▶ _Work to complete_: Starting at the line that contains "Pojechałam zatem z", write out every line through the last one in the records below, word for word. Leave out any pictures.

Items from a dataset
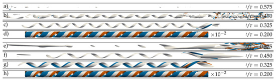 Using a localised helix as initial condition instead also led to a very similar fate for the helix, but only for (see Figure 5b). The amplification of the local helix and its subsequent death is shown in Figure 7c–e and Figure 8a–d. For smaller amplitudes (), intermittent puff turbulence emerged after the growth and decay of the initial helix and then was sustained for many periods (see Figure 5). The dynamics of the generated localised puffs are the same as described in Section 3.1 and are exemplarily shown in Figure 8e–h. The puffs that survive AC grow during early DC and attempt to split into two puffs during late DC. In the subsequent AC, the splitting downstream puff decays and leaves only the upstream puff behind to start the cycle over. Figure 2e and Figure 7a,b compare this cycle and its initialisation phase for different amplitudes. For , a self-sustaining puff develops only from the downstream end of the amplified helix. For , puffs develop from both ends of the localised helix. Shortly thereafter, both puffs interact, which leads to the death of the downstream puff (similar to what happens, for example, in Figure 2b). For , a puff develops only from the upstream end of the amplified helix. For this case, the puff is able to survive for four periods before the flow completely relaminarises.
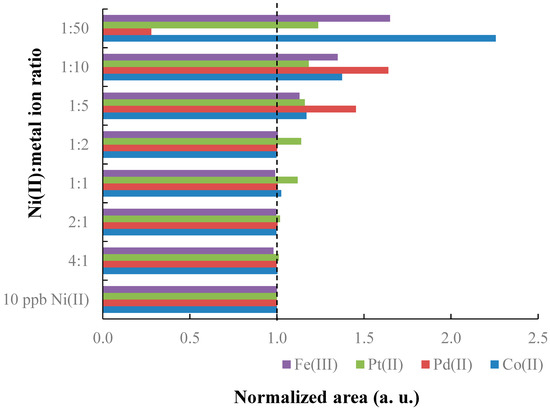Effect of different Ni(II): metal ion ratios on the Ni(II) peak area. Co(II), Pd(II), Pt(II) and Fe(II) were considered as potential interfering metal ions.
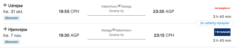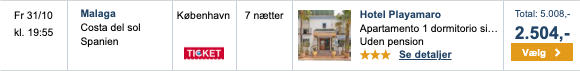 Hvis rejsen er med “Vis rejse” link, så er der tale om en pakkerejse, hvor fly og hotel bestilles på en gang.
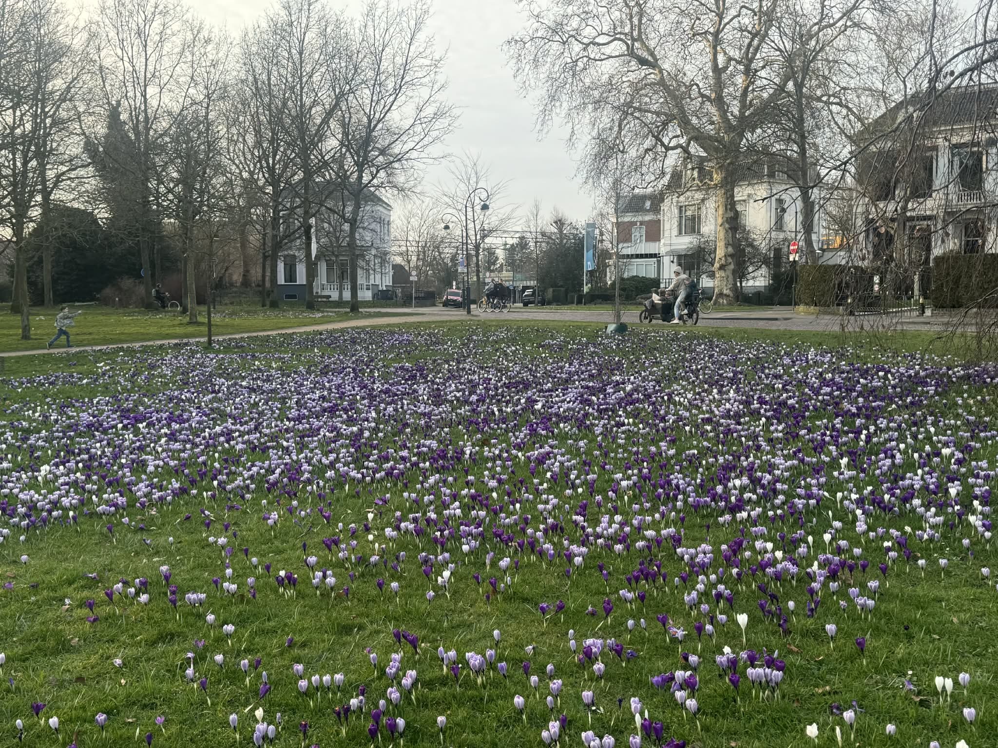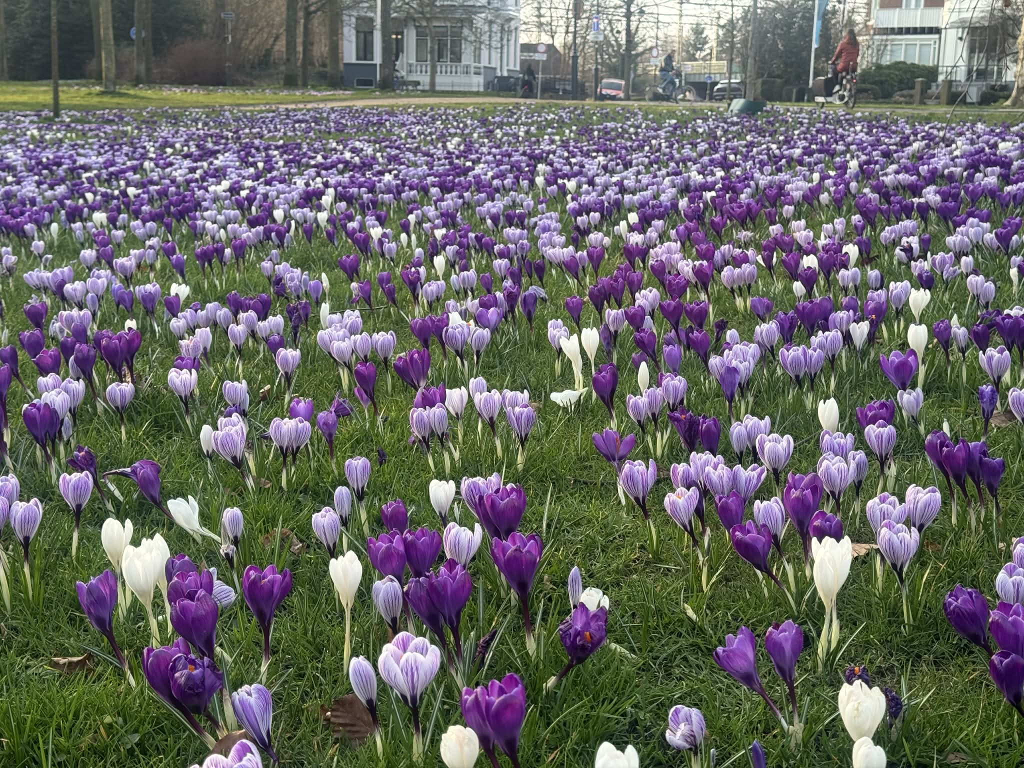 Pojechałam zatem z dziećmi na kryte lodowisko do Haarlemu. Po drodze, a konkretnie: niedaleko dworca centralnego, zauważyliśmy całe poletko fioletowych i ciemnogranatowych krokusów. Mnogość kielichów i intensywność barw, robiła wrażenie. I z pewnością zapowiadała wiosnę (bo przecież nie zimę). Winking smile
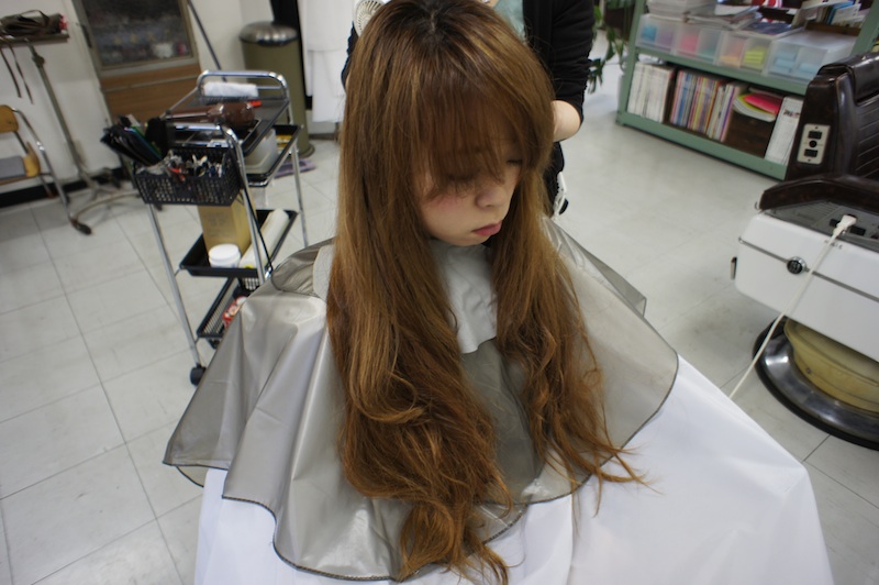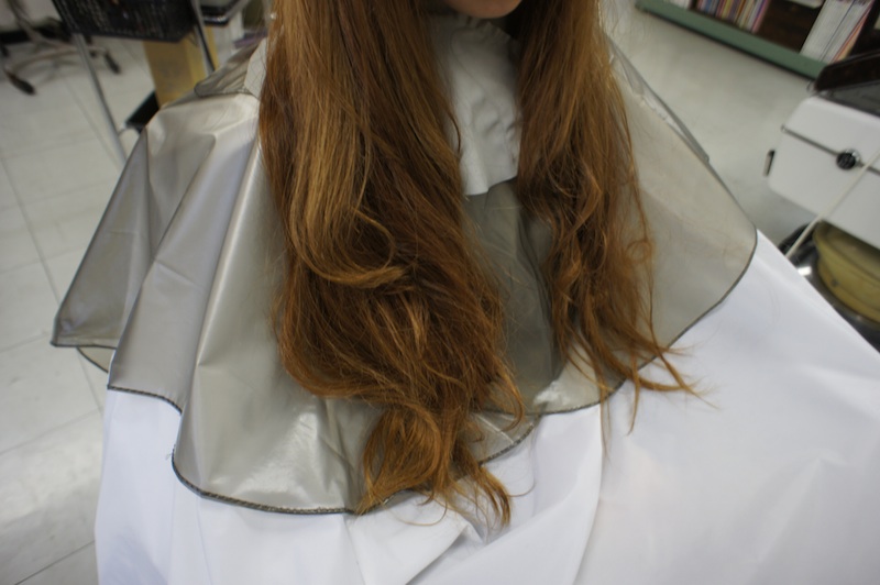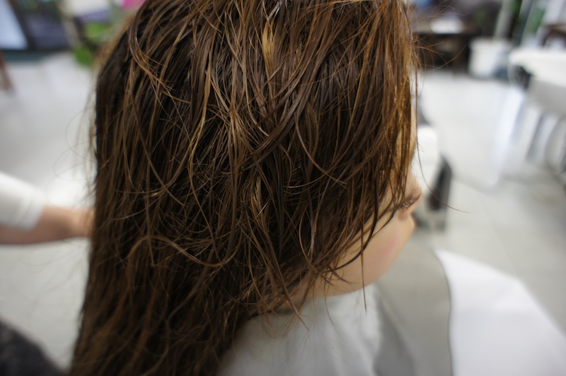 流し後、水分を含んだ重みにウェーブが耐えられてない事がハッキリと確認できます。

▶ _Solution below_:
 Pojechałam zatem z dziećmi na kryte lodowisko do Haarlemu. Po drodze, a konkretnie: niedaleko dworca centralnego, zauważyliśmy całe poletko fioletowych i ciemnogranatowych krokusów. Mnogość kielichów i intensywność barw, robiła wrażenie. I z pewnością zapowiadała wiosnę (bo przecież nie zimę). Winking smile
 流し後、水分を含んだ重みにウェーブが耐えられてない事がハッキリと確認できます。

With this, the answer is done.